Ask a Survivor — An After-School Special
Q: Was there anything in your graduate education that prepared you for the experience of cancer treatment?
A: I was actually asked this a while ago, but a horrible anecdote from my hometown hit me, recently, that you all need to know about. So; from a bioethics class in the late Pleistocene, I knew that, for excellent ethical and legal reasons, you can pull out of a clinical trial at any point, for any reason, even with the IV in your arm; HOWEVER, once you leave a trial, for whatever reason, YOU CAN NEVER GO BACK. The reasoning — as my half-baked, half-gone mind comprehends the situation is that it would be beyond monstrously unethical to pay people to have dangerous substances injected into them (that’s how you end up with “Doctor Mengele: Post-Capitalism Edition”), and, as a way to eliminate that risk (as well as discouraging unethical researchers from tampering with the results), you can’t opt out of a trial because you feel like hell, jet over to Switzerland, have a few pints of Keith Richard’s blood infused, and then just cruise back — if you feel badly enough to drop out of a trial; that’s a health and safety risk researchers and the public need to know about.
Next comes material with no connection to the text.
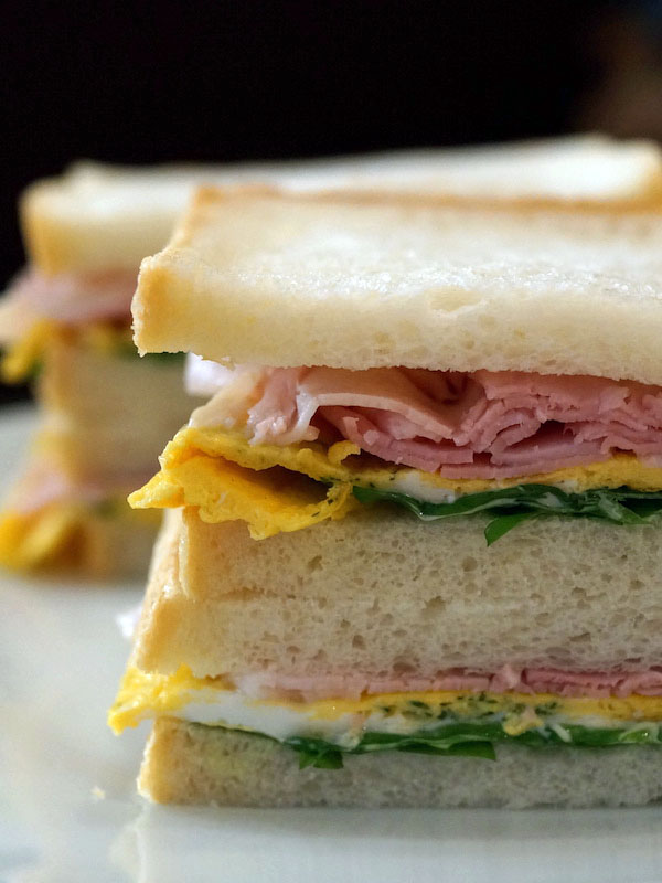 ディルと一緒に焼き上げた薄焼き卵にロースハムをシュレッドタイプにしてもらったもの。ケチャッププチュリで蓋してザックリ切って出来上がり。

So, I knew that if the researchers (whom I lovingly refer to as the Warlocks)(only chronically ill people find that funny) cut me from the trial, I’d be back on the street (so to speak), waiting for the next slot in another trial; or waiting for a new drug to pass the regulatory process — which can take up to three years — cruelly, longer than my projected life expectancy. So, I had every reason to stay in the trial, and, since it was piggy-backed/linked to Standard of Care at the time; I had to stay in chemoradiation, chemo, and all the rest to participate. I never lied to my physicians (you don’t want to do that), but I definitely downplayed my pain and suffering (both because I wanted my next fix, and because I know that medical professionals know that patients frequently use florid language to describe pain and suffering, they’re exaggerating)(the glaring irony is not lost upon me, trust me)(and it wasn’t until after I finished treatment I heard another survivor describe the sensation perfectly, “like my shoulder and arm are separating”). So, dropping out of treatment and/or foregoing or delaying treatment for anything other than imminent, life-threatening complications simply wasn’t an option. In retrospect, the fact that failure was a de facto death sentence (GBM survivors typically don’t last long on standard treatments), and I’m not ready to leave, was an odd luxury.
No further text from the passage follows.